Pressemitteilung vom 26. Oktober 2020

Migrations- und Asylpolitik der Bundesregierung und der EU verstößt gegen Recht auf Gesundheit

Menschenrechtstribunal in Berlin

26.10.2020 Die gegenwärtige Migrations- und Asylpolitik der Bundesrepublik Deutschland und der EU verletzt das Recht auf Gesundheit und physische und psychische Integrität von Migrant*innen und Geflüchteten schwerwiegend. Das ist das Ergebnis des Menschenrechtstribunals, das ein Bündnis zivilgesellschaftlicher Organisationen am Wochenende in Berlin veranstaltet hat. „Die Berichte von Geflüchteten und ihren Unterstützer*innen zeichnen ein erschreckendes Bild der deutschen und europäischen Migrationspolitik,“ resümiert die Jurorin Sarah Lincoln. „Viele Geflüchtete sind krank und brauchen besonderen Schutz. Stattdessen werden sie wie Menschen zweiter Klasse behandelt, ohne Privatsphäre, ohne Zugang zu angemessener Gesundheitsversorgung, ohne Verfahrensrechte.“

Anhand von sechs Anklagepunkten beleuchtete das Tribunal die menschenrechtliche Lage von Asylsuchenden, Illegalisierten sowie Arbeitnehmer*innen aus EU- und Nicht-EU-Ländern. Neben der Diskriminierung durch Angehörige der Gesundheitsberufe und Sprachbarrieren, existierten auch gesetzliche Bestimmungen, die den Zugang behindern. Zeug*innen aus den Geflüchtetenlagern auf Lesbos schilderten eindrücklich die katastrophale Situation vor Ort. Laut der Ärztin Dr. Jessica Horst stellen die ungesunden Lebensbedingungen, der eingeschränkte Zugang zu medizinischer Versorgung und die nicht standardisierte medizinische Versorgung eine ernsthafte Bedrohung für die Gesundheit seiner Bewohner*innen dar.

Kritisiert wurde zudem, dass Abschiebungen schwerwiegende Folgen für die Gesundheit haben können.
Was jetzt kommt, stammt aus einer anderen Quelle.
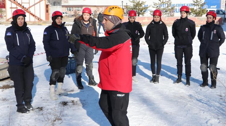Erzurum İl Afet ve Acil Durum Müdürlüğü'nün (AFAD) sahasında, CEKUT eğitmenleri tarafından 5 günlük eğitime alınan 27 kadın gönüllü, enkaza güvenli yaklaşma, arama kurtarma usulleri, sesli ve ikazlı arama, malzeme tanıtım ile kullanma konularında öğrendikleri teorik bilgileri uygulayıp, olası afetlere müdahaleye hazırlanıyor.

Eine Abschiebung in ein Herkunfts- oder Transitland sei grundsätzlich ein staatlich verordneter, vollzogener und legitimierter Gewaltakt. Im Rahmen der weiteren Verschärfungen des Asyl- und Aufenthaltsrechts würden die Bedürfnisse und Rechte besonders schutzbedürftiger Personen im Asylverfahren eklatant missachtet. Sie zielten darauf, die Abschiebung schwerkranker und traumatisierter Menschen zu erleichtern.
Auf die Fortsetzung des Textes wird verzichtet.